Quelques jours avant Noël, le gouvernement français a publié deux nouveaux arrêtés (ici et ) qui modifient la réglementation des drones de loisirs en France. Celle-ci est applicable à partir du 1er janvier 2016 et modifie de nombreuses règles de vol. Finalement, les mesures ne sont pas si aussi contraignantes que l’imaginait le projet de la DGAC (Direction Générale de l’Aviation Civile).

drones dossier

En juin 2015, la DGAC proposait un projet de réglementation particulièrement contraignant envers les utilisateurs de drones. En octobre, le gouvernement réfléchissait pour sa part à des mesures de type immatriculation, balisage ou encore d’assurance. Finalement les deux arrêtés publiés le 17 décembre dernier au Journal Officiel sont plutôt « doux » puisqu’ils ne reprennent aucun élément des deux projets. Voici ce qui change par rapport à la précédente réglementation datant de 2012 et qui avait été synthétisée dans une notice d’utilisation.

 

Une altitude maximale de 150 mètres

Premièrement, l’altitude maximale de vol reste à 150 mètres, mais peut être diminuée à 50 mètres dans certaines zones listées sur ce site. Petit plus : il est possible de voler jusqu’à 50 mètres au-dessus d’un obstacle artificiel de plus de 100 mètres de haut, par exemple au-dessus d’un immeuble. Tout comme la réglementation précédente, il est interdit de survoler l’espace public en agglomération. En revanche, l’interdiction de survoler des « rassemblements de personnes » n’est plus mentionnée dans l’arrêté, et on imagine donc qu’il devient possible, hors agglomération, de survoler des personnes, en respectant les autres conditions :

Les drones « ne sont pas utilisés dans des conditions où il y aurait un risque pour les personnes et les biens au sol, y compris en cas de panne probable, en conservant une distance minimale de sécurité par rapport à ces personnes et ces biens au sol »

 

Le vol automatique : pas pour tous les drones

La nouvelle réglementation interdit aussi d’utiliser son drone si le pilote est dans un véhicule en déplacement. Les nouveaux arrêtés abordent enfin le cas des drones automatique. En effet, il possible de faire voler son drone en mode automatique – sans que le pilote n’ait à intervenir sur les commandes de vol – uniquement à une altitude maximale de 50 mètres et à une distance horizontale maximum de 200 mètres. Il faut toutefois que le pilote ait accès à des commandes d’urgence (on pense notamment à un atterrissage forcé). Le drone en mode automatique doit peser moins de 1 kilogramme et voler 8 minutes au maximum. Les DJI Phantom sont donc exclus à cause de leur poids.
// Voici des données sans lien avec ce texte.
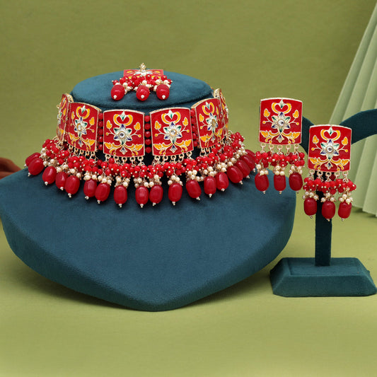 Red Color Choker Meenakari Necklace Set (MKN596RED)

A lire sur le sujet : En 2015 les drones intelligents et connectés prendront leur envol

 

Le pilotage hors vue

Dans tous les cas, le pilote doit conserver son drone dans son champ de vision, mais aussi être capable d’entendre d’autres aéronefs susceptibles de se rapprocher. Les sourds sont par conséquent exclus du pilotage des drones. Le pilotage des drones hors vue est toujours possible avec l’assistance d’une deuxième personne qui garde le drone à vue pour informer le pilote des dangers éventuels. Il ne faut toutefois pas que le drone s’éloigne de plus de 200 mètres du pilote et à plus de 50 mètres d’altitude et son poids ne doit pas dépasser 2 kilogrammes.

 

Les autorisations spéciales

Les deux arrêtés prévoient de nombreuses règles pour les drones puissants ou lourds (plus de 25 kilogrammes) avec des autorisations spéciales, notamment pour les vols hors vue ou pour les vols automatiques à plus de 200 mètres de distance du « pilote ». L’arrêté fait aussi référence aux drones autonomes, qui commencent à être développés par de nombreuses sociétés, comme Amazon pour son service de livraison PrimeAir. Les drones autonomes – aucun pilote ne peut reprendre le pilotage en cours de vol – nécessitent des autorisations spéciales, sauf pour ceux de moins d’un kilogramme comme nous l’avons vu plus haut. L’arrêté n’interdit donc pas l’utilisation des drones autonomes par les entreprises, mais les autorisations se feront au cas par cas.

On attend maintenant la notice d’utilisation de la DGAC mise à jour, qui devrait être distribuée par les constructeurs de drones aux particuliers.